▶ **Task data**
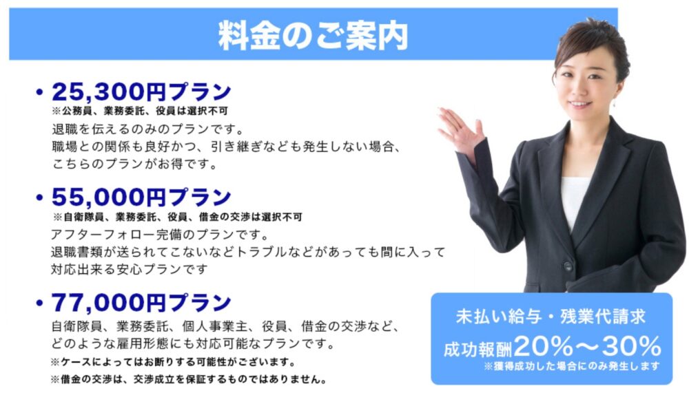 | オプション費用 | ・回収額の20%~30%(残業代・未払い給与など) ・損害賠償等の裁判費用等 |
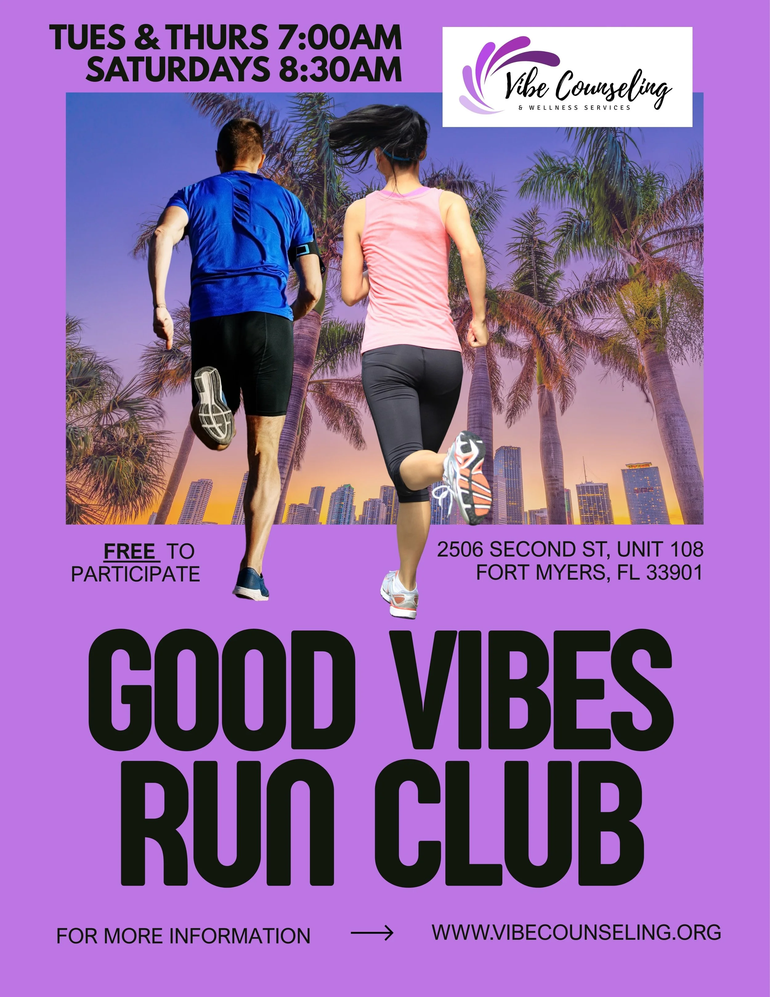 We are inviting folks of all ages and stages to join us every Tuesday, Thursday and Saturday to complete a run/jog in beautiful Downtown Fort Myers - McGregor Blvd and back (approximately 3.5 miles).
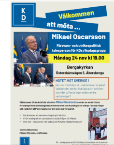Medlemsmöte KD Österåker den 24 NOVEMBER med MIKAEL OSCARSSON
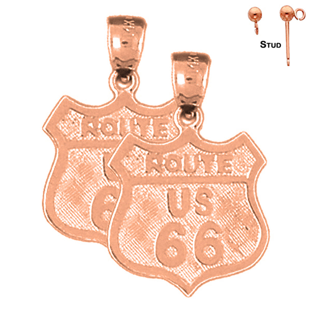 14K or 18K Gold 23mm U.S. Route 66 Earrings
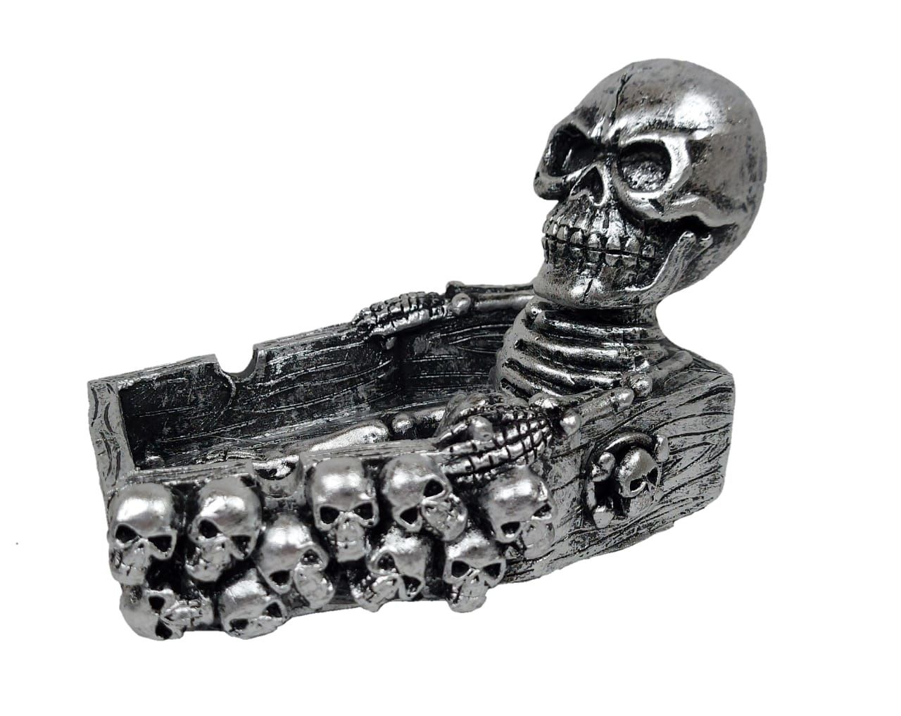 Cinzeiro em formato de esqueleto / caveira sentada confeccionado em resina para decorar o seu ambiente!

▶ **What is expected**
Output all entries unchanged; skip the pictures.

▶ **Answer section**
 | オプション費用 | ・回収額の20%~30%(残業代・未払い給与など) ・損害賠償等の裁判費用等 |
 We are inviting folks of all ages and stages to join us every Tuesday, Thursday and Saturday to complete a run/jog in beautiful Downtown Fort Myers - McGregor Blvd and back (approximately 3.5 miles).
Medlemsmöte KD Österåker den 24 NOVEMBER med MIKAEL OSCARSSON
 14K or 18K Gold 23mm U.S. Route 66 Earrings
 Cinzeiro em formato de esqueleto / caveira sentada confeccionado em resina para decorar o seu ambiente!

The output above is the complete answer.